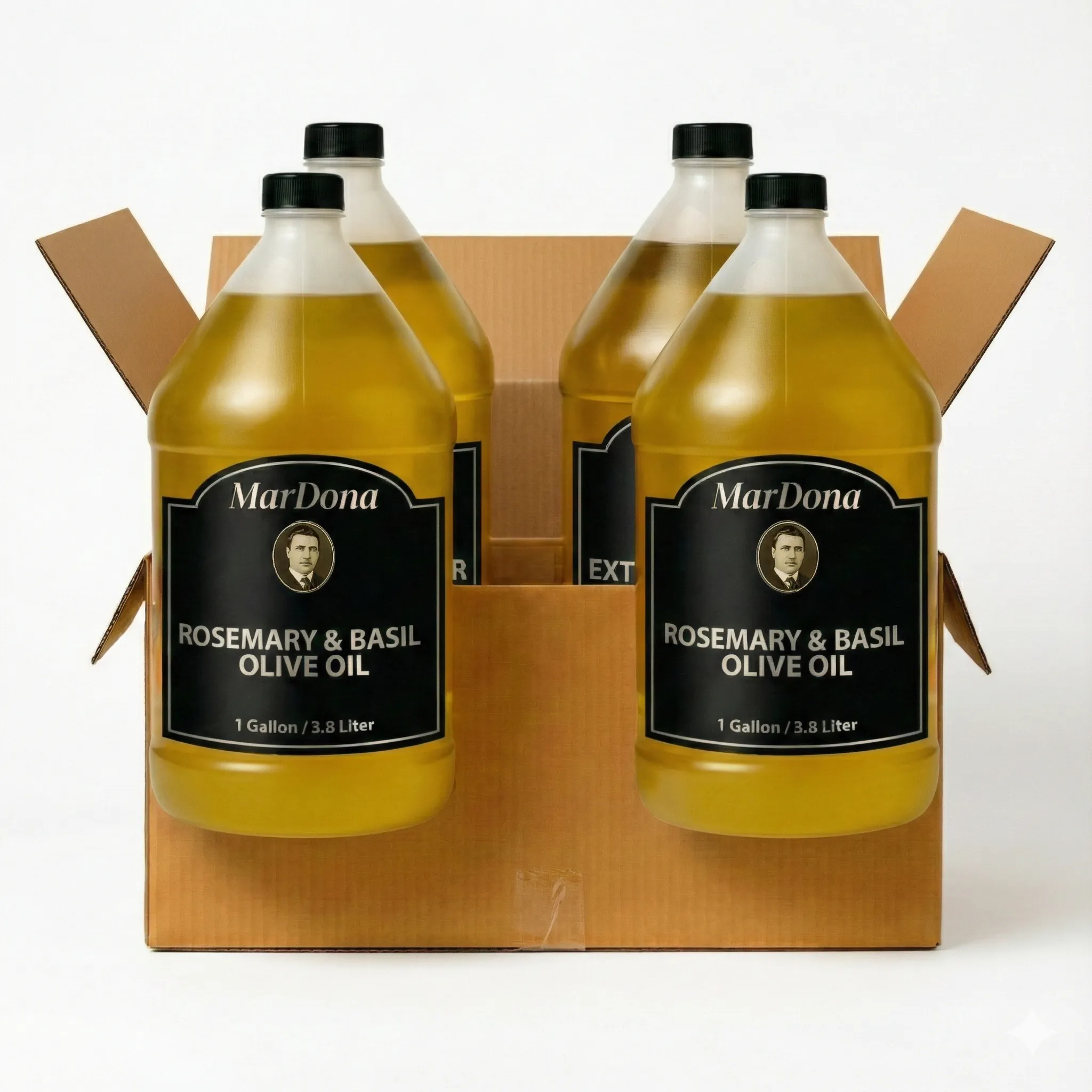 A bulk case of four 1-gallon bottles of Rosemary/Basil Olive Oil. A versatile dual-herb oil for efficient large-scale cooking.
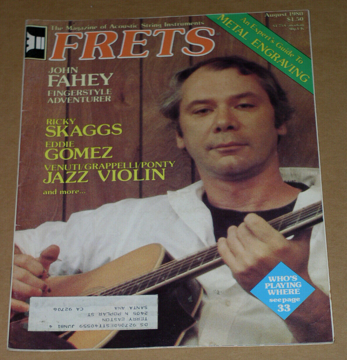 This is the August 1980 issue of "Frets" magazine. Cover story on John Fahey. Inside: Ricky Skaggs, Eddie Gomez, Venuti/Grappelli/Ponty.
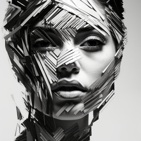 a person's face created with black and white papers, showcasing a futuristic glam style. the image features distorted and fractured depictions, resembling realistic hyper-detailed portraits. created using daz3d software, the artwork incorporates heavy use of palette knives. this ultra-high-definition (uhd) image requires minimal retouching. ai generated
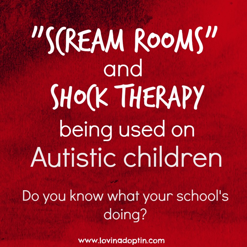 In response to these atrocities being used on people with special needs, some say, “But it worked for my child,” “It worked for me,” or “I work with the special needs population and I’ve seen it make a difference.” I say for everyone it did help, it harmed several more. The question should be asked, “Would you do this with a typical child [or person]?” This question was brought to my attention by Heidi Lostracco on Speak for Yourself. I think the answer in these cases, with both “scream rooms” and shock therapy, would be a resounding, “NO!” And if it’s not okay for a typical child, it’s not okay for a child with special needs of any kind.
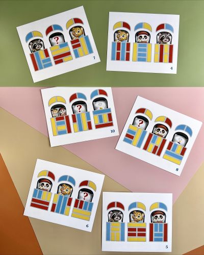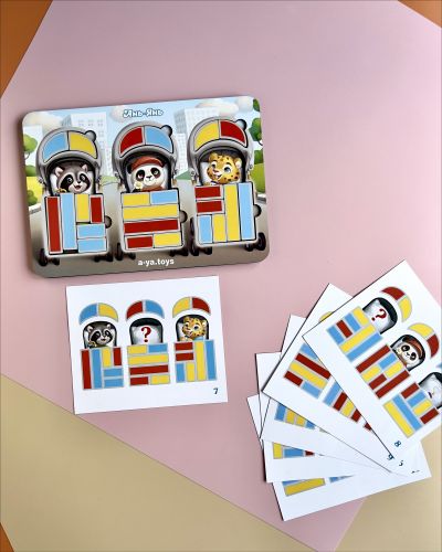 Двошаровий пазл-сортер. у наборі: 27 деталей та 12 карток. Милі звірятка сидять у всіх колясках вкриті ковдрами. Завдання дитини розкласти звірів, ковдри та козирки колясок за зразком, вказаним на картці.
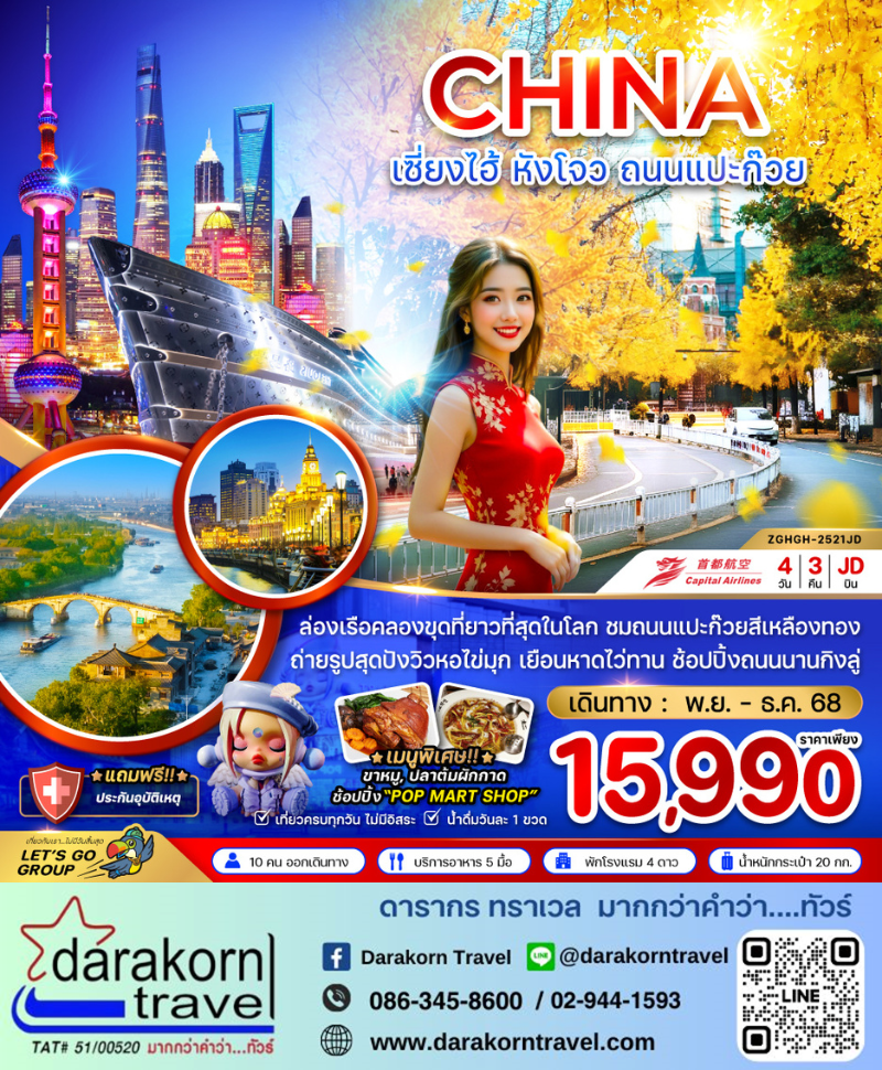 | DAY3 | เมืองหังโจว – ล่องเรือคลองขุดใหญ่ ปักกิ่ง–หังโจว – ถนนคนเดินหูปิน –ถ่ายรูปริมทะเลสาบซีหู – ถนนต้นแปะก๊วย – City Balcony Hangzhou– เอาท์เล็ต หังโจว |

→ DIRECTIONS:
Your answer should be the lines above, word for word, from the line with "In response to" through the line with "Двошаровий пазл-сортер. у", minus the pictures.

→ FINISHED EXERCISE:
 In response to these atrocities being used on people with special needs, some say, “But it worked for my child,” “It worked for me,” or “I work with the special needs population and I’ve seen it make a difference.” I say for everyone it did help, it harmed several more. The question should be asked, “Would you do this with a typical child [or person]?” This question was brought to my attention by Heidi Lostracco on Speak for Yourself. I think the answer in these cases, with both “scream rooms” and shock therapy, would be a resounding, “NO!” And if it’s not okay for a typical child, it’s not okay for a child with special needs of any kind.
 Двошаровий пазл-сортер. у наборі: 27 деталей та 12 карток. Милі звірятка сидять у всіх колясках вкриті ковдрами. Завдання дитини розкласти звірів, ковдри та козирки колясок за зразком, вказаним на картці.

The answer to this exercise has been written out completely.